Pre-Orders are now open for the Reformation Heritage Study Bible (KJV)!

A Study Bible to Feed Your Soul . . .

Thoughts for personal and family devotions for every chapter
Three dozen articles on how to live the Christian life
Guidance on how to experience the truths of the Bible
A Study Bible to Instruct Your Mind . . .

Thousands of study notes with integrated cross-references
Introductions to each section and every book of the Bible
Classic Bible text with explanations of difficult words
More than fifty articles on key Christian teachings
Concordance, color maps, daily reading plan, and more!
A Study Bible to Discover Your Roots . . .
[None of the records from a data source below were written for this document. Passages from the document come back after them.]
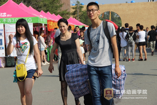 一名数字媒体技术专业的男同学在姐姐和妈妈的陪伴下步入校园,在上海上学的姐姐不远万里前来相送,走在中央大道上,他们的脸上荡漾起幸福的笑容。
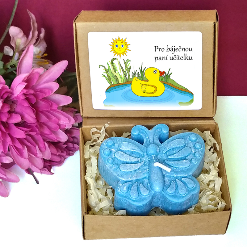 Modrá svíčka ve tvaru motýla v krabičce s tématickým obrázkem představuje milou drobnou pozornost pro učitelku nebo asistentku ve školce, vychovatelku v družině, tetu v dětské skupině či pro kohokoliv jiného dle Vašeho uvážení. Vybírat můžete z několika textů nebo si sepsat svůj vlastní. Jelikož jsou krabičky menší, vejde se na etiketu jen pár slov.
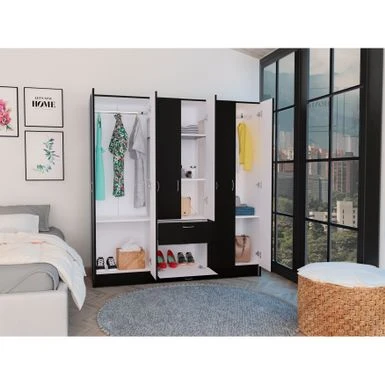 - Featuring a 2-door cabinet with a hanging rod for those wrinkle-prone clothing, like dresses, and suits with shelves on both sides. The middle cabinet has 3 shelves to keep your folded items, a drawer underneath, and a pull-down door cabinet to keep your clothing concealed, neat and organized
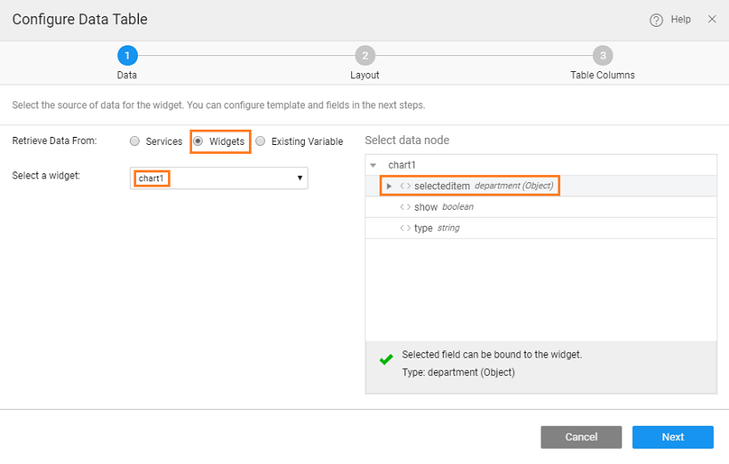 1. Drag and drop a Data Table onto the third row of the Grid. Set the data source of the Data Table to the selected item of the chart widget. Choose the other settings as per your requirements. We have chosen a Read-only table and selected to display department id, name, budget, code, and location.
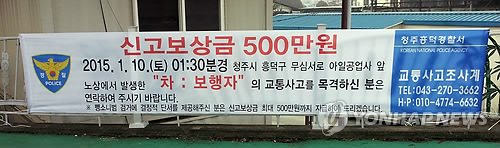 (청주=연합뉴스) 김형우 기자 = 경찰이 '크림빵 뺑소니' 사건과 관련한 신고보상금을 지급하지 않기로 했다.
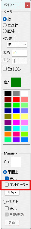 平面のコントローラーが描画の邪魔になる場合は、「コントローラー」のチェックを外すことで、コントローラーが非表示になります。
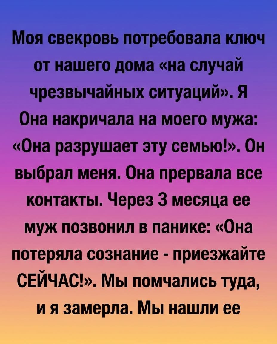 Она требовала ключ от нашего дома, ссылаясь на «экстренные случаи». Но я-то знала свою свекровь, Бренду, как облупленную. Под «экстренным случаем» она обычно подразумевала ревизию моей кладовки или инспекцию моего стирального порошка, пока я пропадала на работе. Два года нашего брака были настоящей битвой за личные границы, которую она воспринимала как изощренный вызов. «Она разрушает … Read more
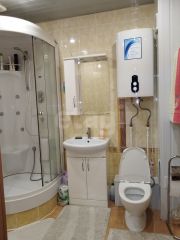 Caнузeл совмещенный, просторный, уложена кафельная плитка на пол и стены, установлена душевая кабина и водонагреватель на 80 литров.
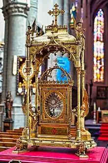 L'église Sainte-Catherine abrite le reliquaire du Saint-Sang de Boxtel. Contrairement au Saint-Sang de Bruges, ce n'est pas une relique du sang du Christ, mais la vénération d'un miracle qui se concentre sur la vénération de l'Eucharistie. L'histoire parle d'un prêtre, Eligius Van den Aker, qui avoue sur son lit de mort qu'il a renversé du vin sacramentel blanc sur la nappe de l'autel après la consécration, donc après que le vin devienne le «sang du Christ». La tache sur la nappe de l'autel est immédiatement devenue rouge. Ces nappes d'autel font rapidement partie de la dévotion populaire de Boxtel. Après la paix de Münster, les catholiques des Pays-Bas, le protestantisme représentait une église plus sobre où les textes bibliques occupent une place centrale. Les draps sont transportés à Anvers pour y être mis en sécurité. Le 20 mai 1652, les draps arrivent à l'église Sainte-Catherine de Hoogstraten, en Belgique. Une demande est faite au pape pour organiser une procession avec les draps. Depuis lors, la procession sort par beau temps, emportant le sanctuaire. Après la Seconde Guerre mondiale, le cortège est renouvelé par le doyen Jozef Lauwerys et le prêtre Remi Lens. Il est sorti pour la première fois en 1952. Il se divise en quatre parties : les groupes d'ouverture, la représentation de l'Eucharistie, de Notre-Dame et des sacrements. La procession se clôture par l'ensemble du conseil municipal, portant une lanterne de procession[19],[20].
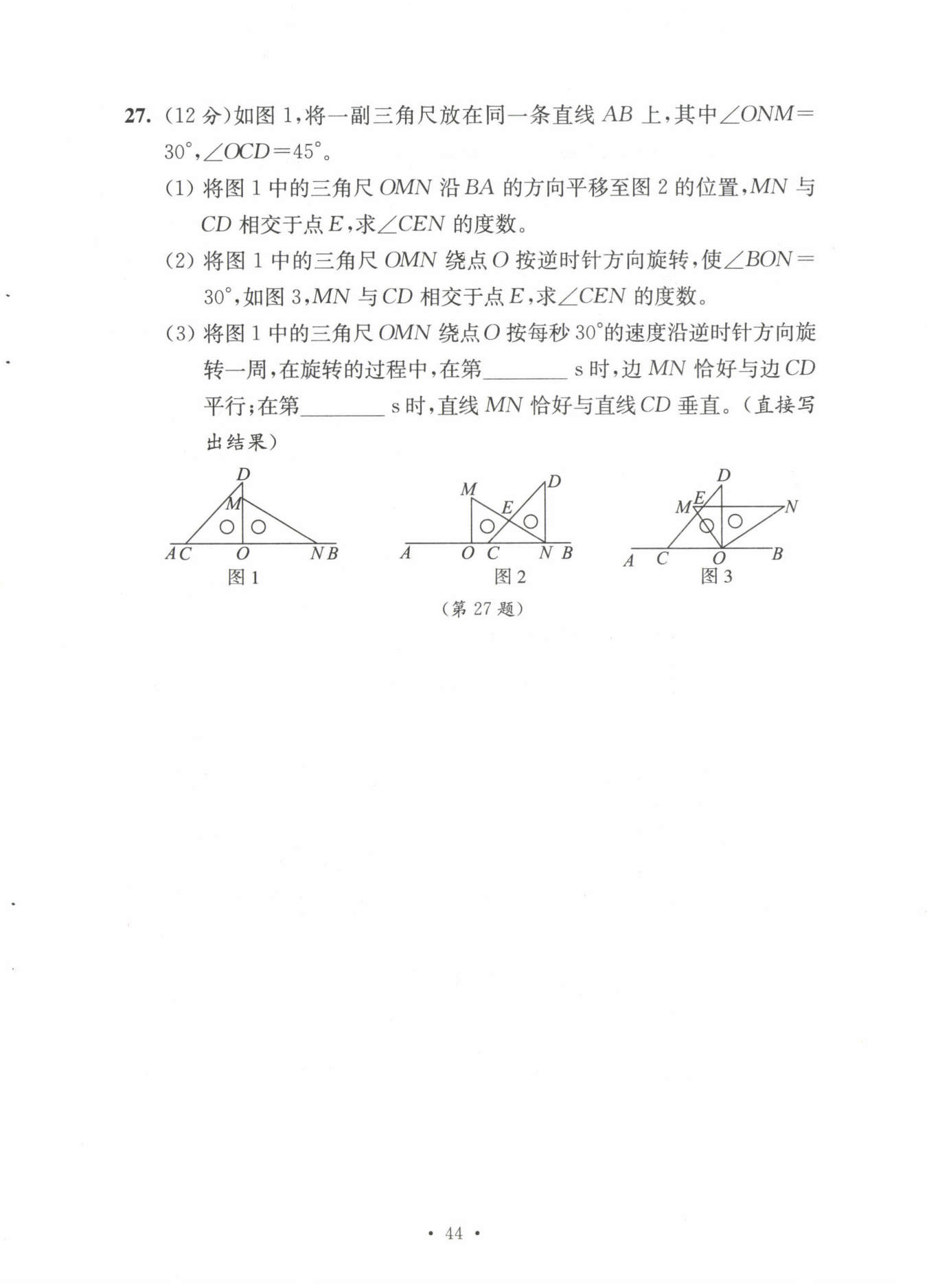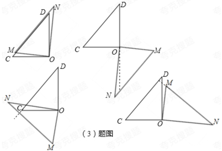 $(3)$如图$, {MN}\ \mathrm {/} / {CD} $时, 旋转角为$ 90°-(60°-45°)=7 5° ,$
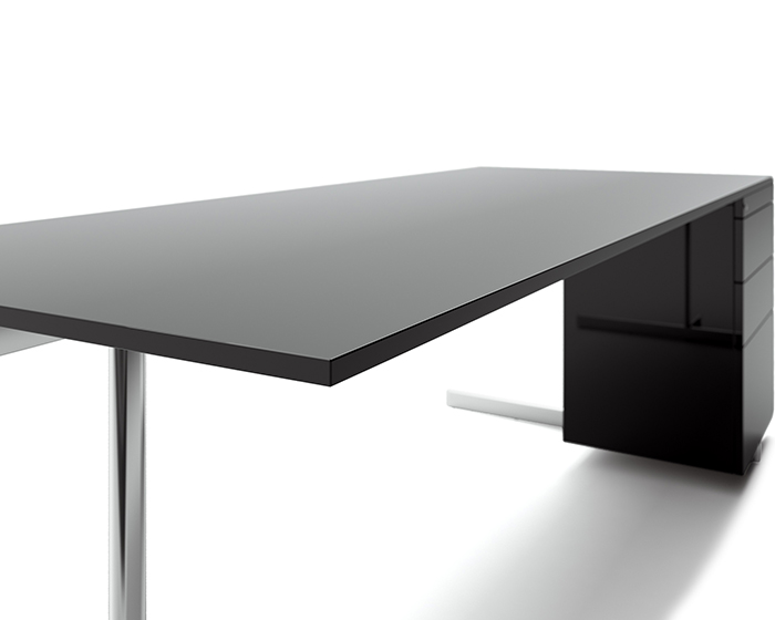 Scrivania laccato opaco nero grafite con piedi acciaio inox
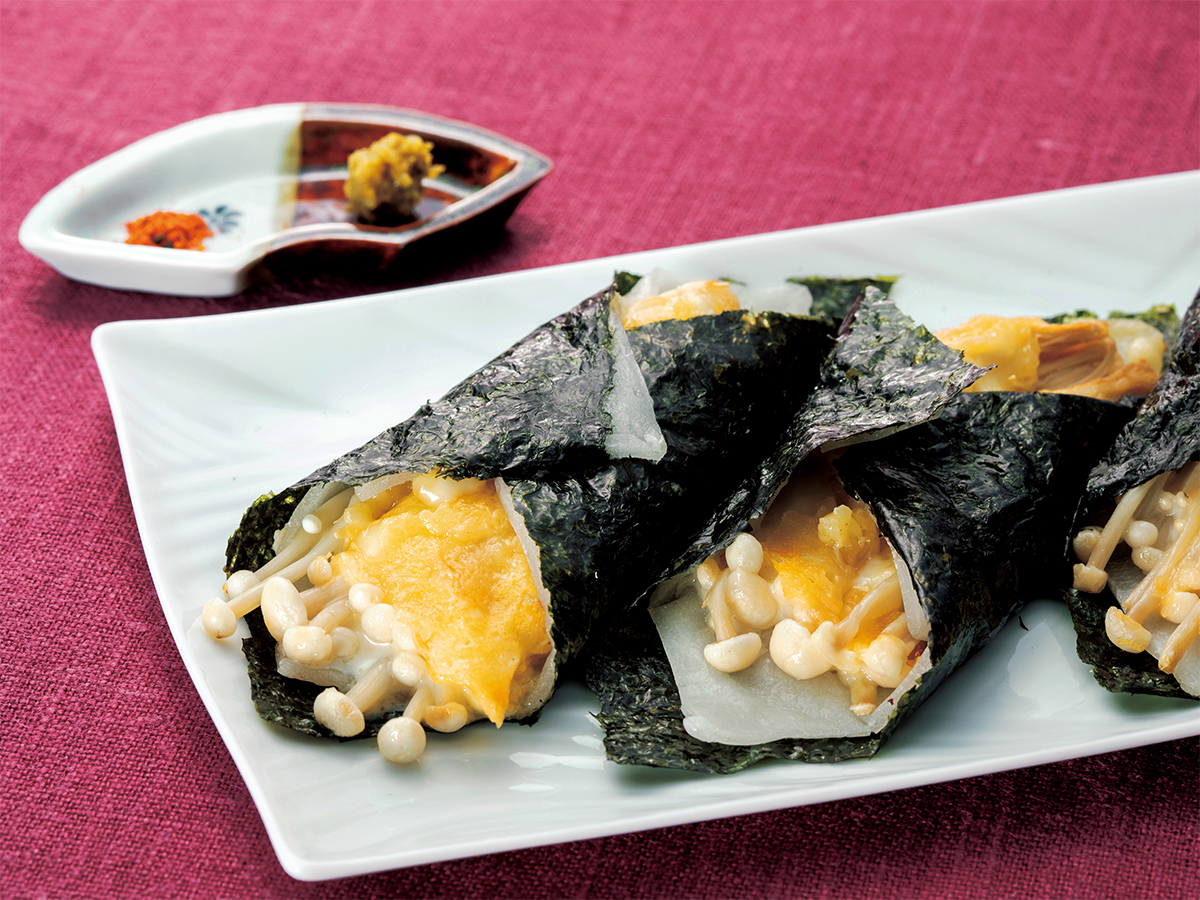 4. 餅とえのきたけに火が通ったら取り出して、焼き海苔にのせて巻く。お好みで七味やゆずこしょうを添える。
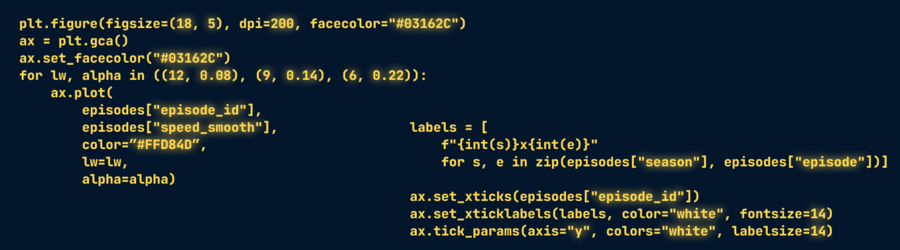 Я перевела время начала и конца каждой реплики в секунды, посчитала её длительность и количество слов. После этого для каждой реплики был рассчитан темп речи — сколько слов персонажи произносят в минуту. Далее я объединила все реплики внутри одной серии и посчитала средний темп речи для каждого эпизода.
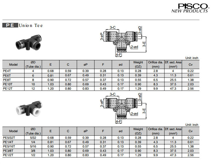 PE4T,PE6T,PE8T,PE10T,PE12T,PE5/32T,PE1/4T,PE5/16T,PE3/8T,PE1/2T,PISCO快速接頭
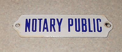 VINTAGE PORCELAIN OR ENAMEL NOTARY PUBLIC DOOR WALL SIGN~ROYAL BLUE&WHT~6"X1.5"
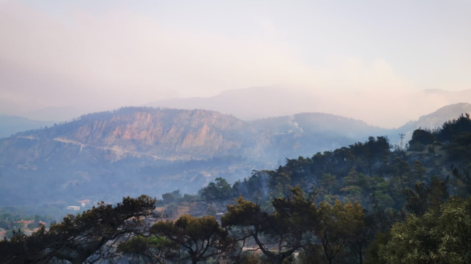 Datça’da günün ilk ışıkları ile birlikte orman yangınına havadan müdahale yeniden başladı
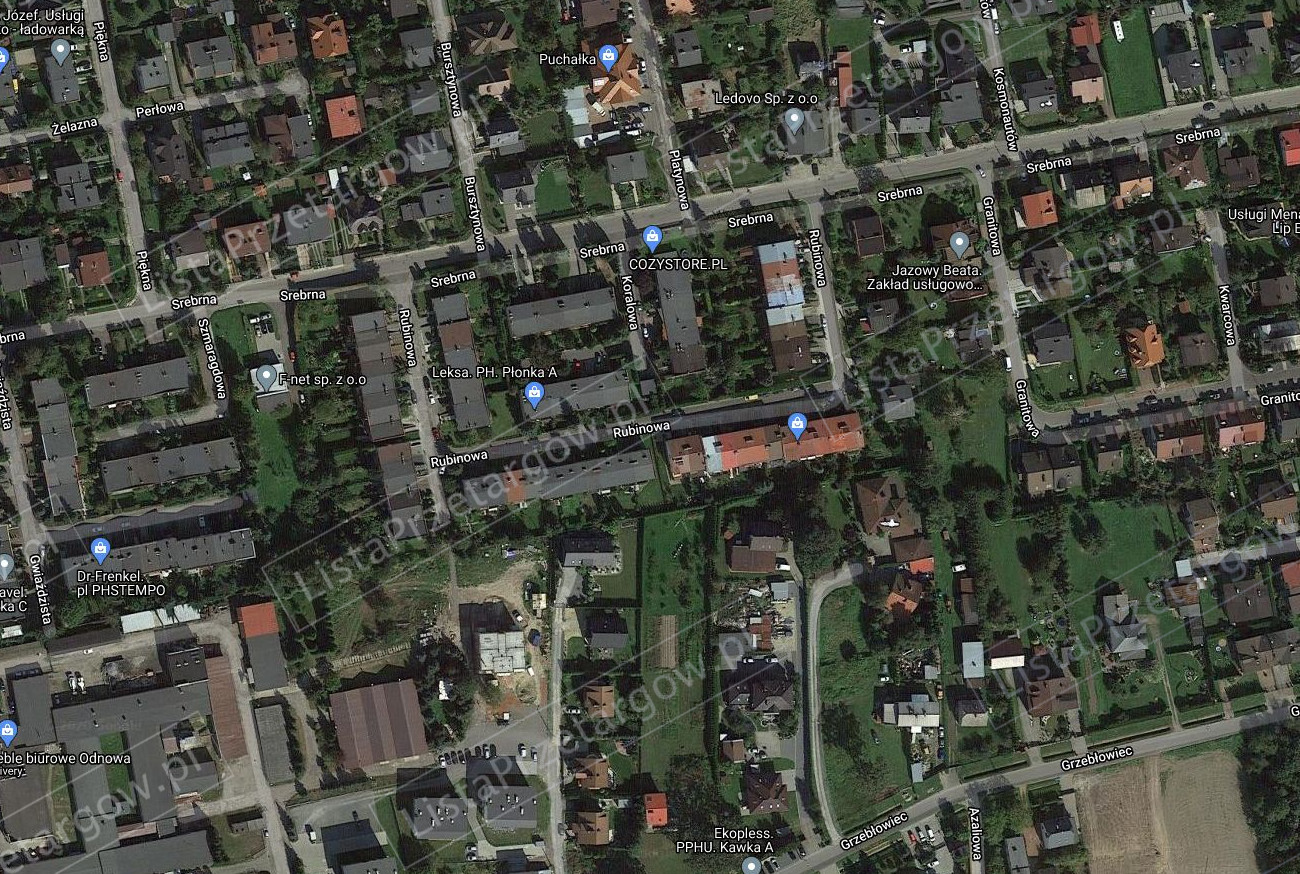 3.Nieruchomość położona jest w Pszczyna przy zbiegu ulic Srebrnej i Rubinowej. Nieruchomość stanowi teren płaski, równy, porośnięty roślinnością niską (trawą i krzewami). Kształt działki zbliżony jest do trójkąta. W sąsiedztwie nieruchomości znajduje się zabudowa mieszkaniowa jednorodzinna oraz zabudowa szeregowa. Od strony zachodniej działka przylega do gminnej drogi publicznej – ul. Rubinowej o utwardzonej nawierzchni.
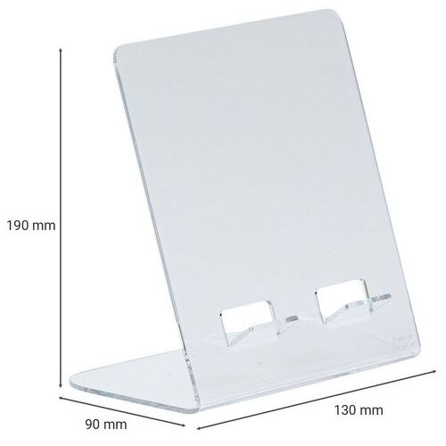 | Nombre del producto | Soporte acrílico de cristal para tabletas, Espesor: 3 mm, Material: Acrílico, Altura: 190 mm |
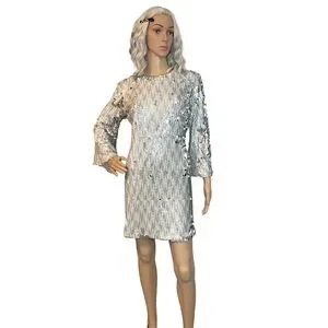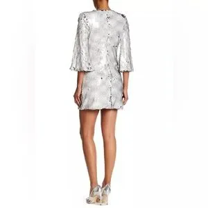 Dress The Population NWOT Statement Silver Sequined Bell Sleeve Mini (0477)
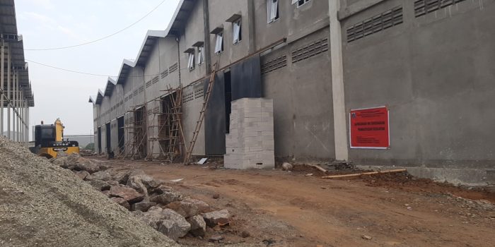 Banner berwarna merah berlogo Jaya Raya bertuliskan “Pembatasan Kegiatan Kerja” tampak terpasang di tembok bangunan gudang tersebut. Dalam banner juga dicantumkan dasar hukum berupa Undang-Undang Nomor 6 Tahun 2023, Peraturan Pemerintah Nomor 16 Tahun 2021, dan Peraturan Pemerintah Nomor 21 Tahun 2021.
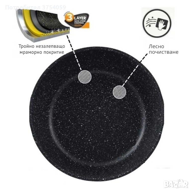 Материал: метален корпус с мраморно незалепващо покритие;
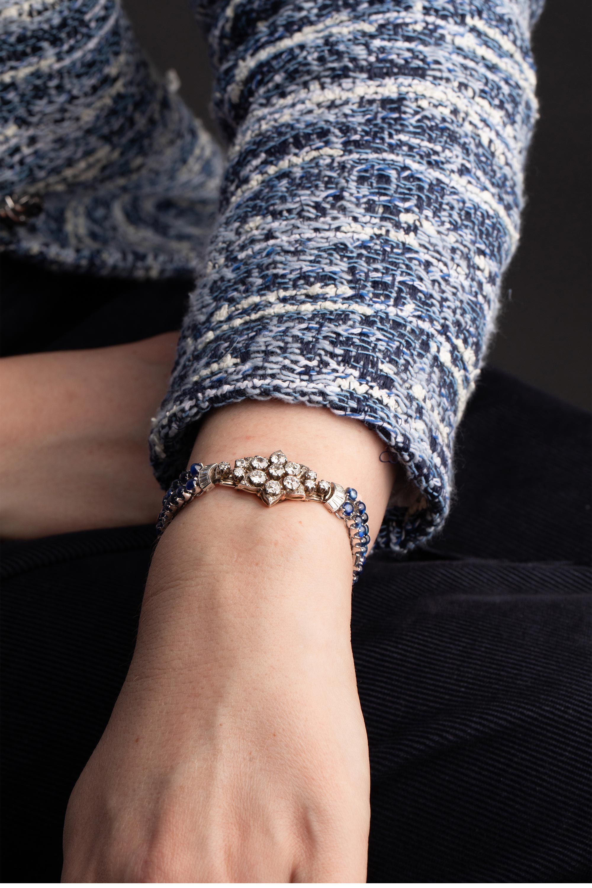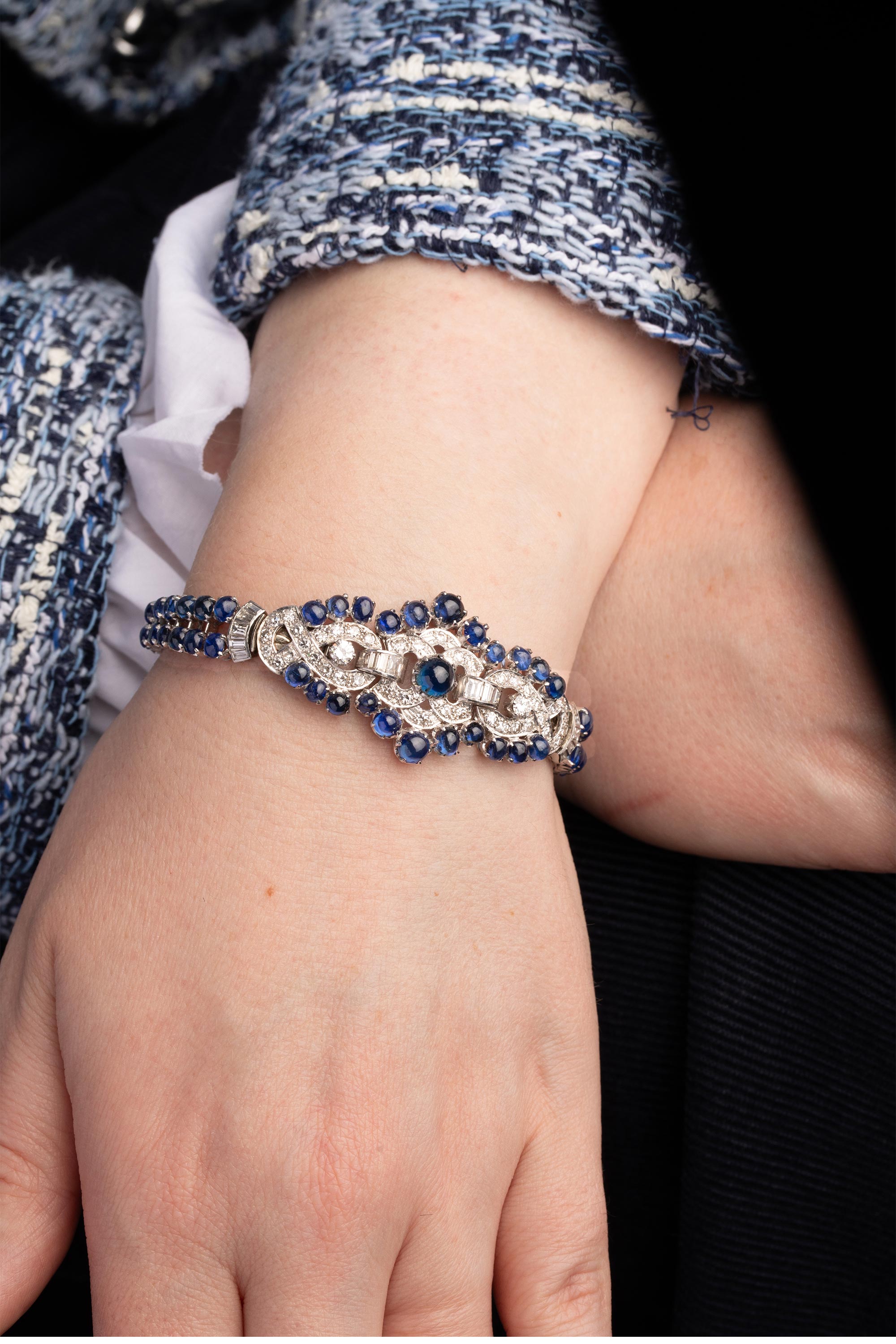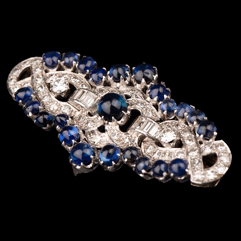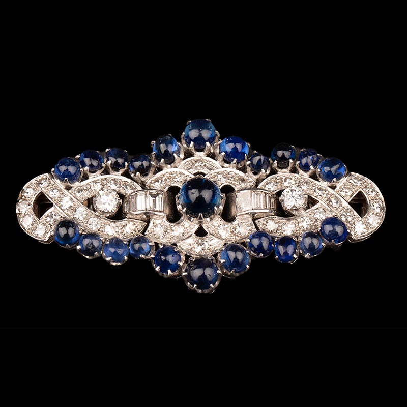 1940-1950年代澳大利亚出品珠串花缎造型铂金白金镶嵌蓝宝石及钻石可替换式手链套件

Overview of twenty centuries of church history
Ancient creeds, confessions, and catechisms with introductions

http://www.heritagebooks.org/categories/rhb-publications/bibles.html

http://kjvstudybible.org/


----------



## Andres (Aug 26, 2014)

Looks like an excellent resource! I just finished discussing with my wife which version we should pre-order!


----------



## LeeD (Aug 26, 2014)

I grabbed the hardback edition.


----------



## Ask Mr. Religion (Sep 3, 2014)

Genuine leather version for me.


----------



## KMK (Sep 3, 2014)

I have been recommending this Bible to others, but I don't think I will buy one for myself because the specifications say that the font is only 9.8! Can that be right?


----------



## NaphtaliPress (Sep 3, 2014)

That's almost 10 point.  But 10 point in one face can read smaller than 10 point in another because of variance in x-height. If they have real samples of the text I would print it out at real size and see if it is too painful or not.


----------



## JimmyH (Sep 3, 2014)

Here are PDF sample pages ; http://heritagebooktalk.files.wordpress.com/2014/02/KJV-sample-booklet.pdf


----------



## NaphtaliPress (Sep 3, 2014)

The bible text looks okay (9.8 is pretty close to the 9.5 bottom for body text); the notes are small; sans serif helps in that regard I think.


----------



## Claudiu (Sep 3, 2014)

Excellent. I've been waiting a while for this!


----------